I want to search in a log file for each 3rd party name (from first file) and get count of each message status (listed in file 2)
example of 1st file.txt (3rd party names)
BNF_IPL
one97
pajwok
RadioAzadi
SPICDIGITAL
U2OPIA
UNIFUN
UNIFUNRS
vectracom
VNTAF
YRMP
INFOTT
second file.txt (message status):
success
partial
failed
Error absentSubscriber
UnknownSubscriber
smDeliveryFailure
userSpecificReason
CallBarred
systemFailure
my goal is to produce a report contains total status for each 3rd party. something like
sent | failed | TechErrpr | Absent | subscriber
IBM someValue someValue someValue someValue someValue
Microsoft someValue someValue someValue someValue someValue
Oracle someValue someValue someValue someValue someValue
google someValue someValue someValue someValue someValue
To get the values i will grep those names and status in a log file and get the totals. for that i am trying to use nested loop but with no luck.something like:
for ((i = 0; i < wc -l 3rdPList.txt ; i++)); do
for ((j = i; j < wc -l status.txt ; j++)); do
grep 3rdPList.txt logFile | grep status.txt | wc -l > outputFile.txt
echo $st[j]
done
done
example of the log file:
2018-10-30 00:07:19,640 DEBUG [org.mobicents.smsc.library.CdrGenerator] 2018-10-29 14:42:45,789 +0430,588,5,0,93706315646,1,1,temp_failed,BNF_IPL,26674477,0702700006,412012004908984,null,ایید.,Error absentSubscriber after MtForwardSM Request: MAPErrorMessageAbsentSubscriber []
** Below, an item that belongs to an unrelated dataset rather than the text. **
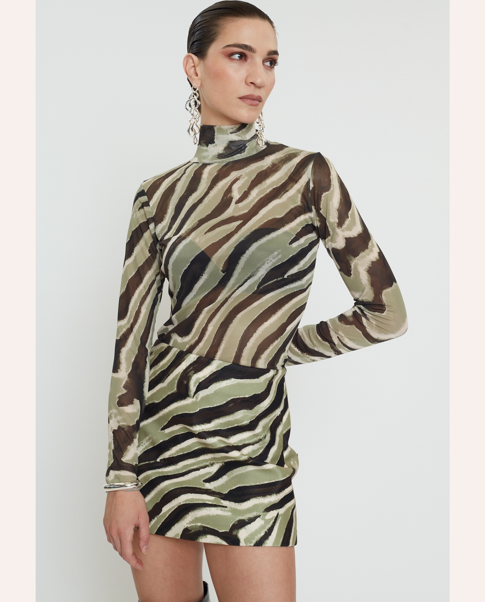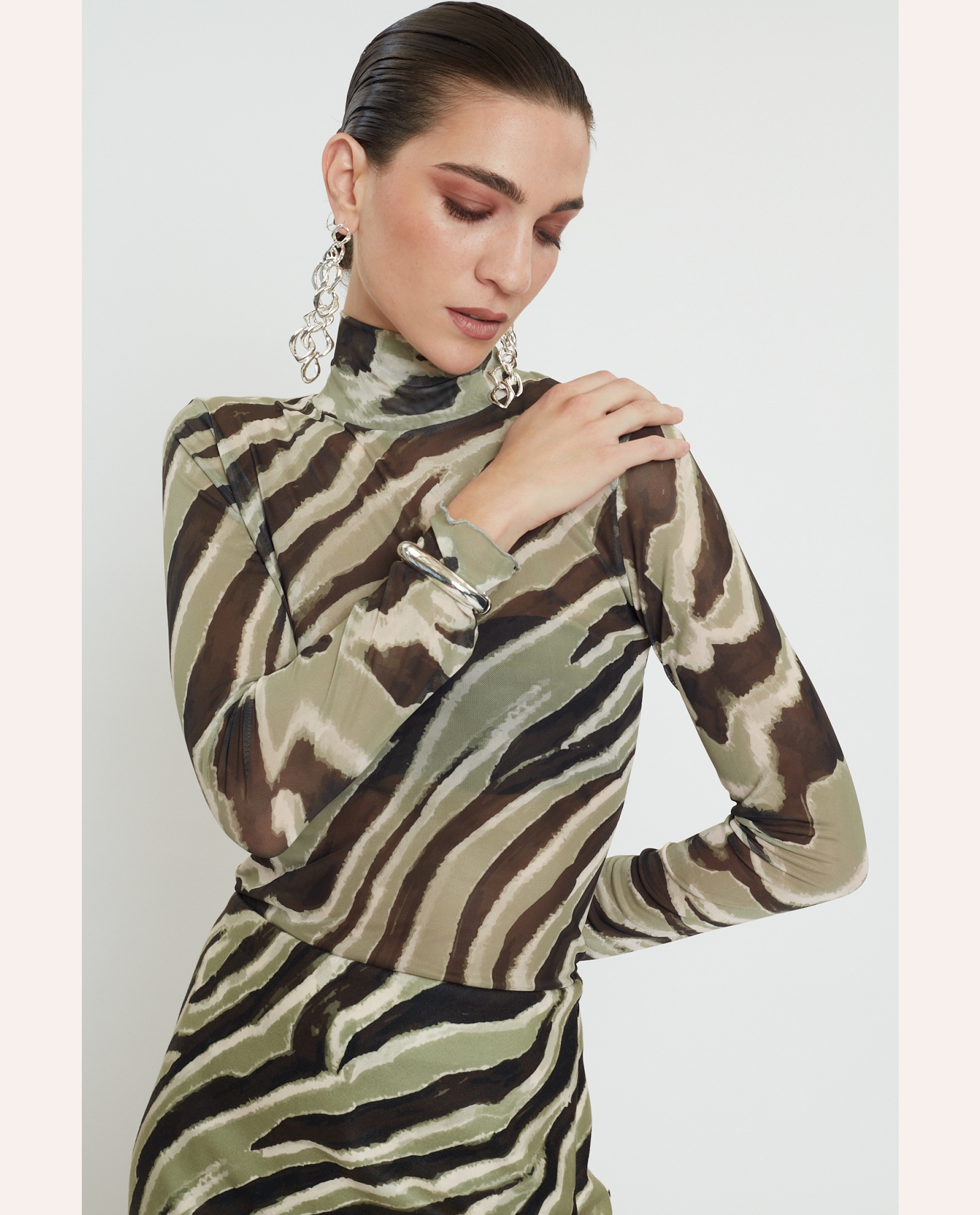Keisi Tulle Top – Olive Zebra

2018-10-30 00:07:41,034 DEBUG [org.mobicents.smsc.library.CdrGenerator] 2018-10-29 16:21:27,260 +0430,588,5,0,0700375593,1,1,temp_failed,BNF_IPL,27008401,null,null,null,عدد1 را به588 ارسال ,AbsentSubscriber response from HLR: MAPErrorMessageAbsentSubscriber []
Upvotes: 0
Views: 70
Reputation: 207425
This does pretty much what you ask, but I didn't work too much on pretty formatting!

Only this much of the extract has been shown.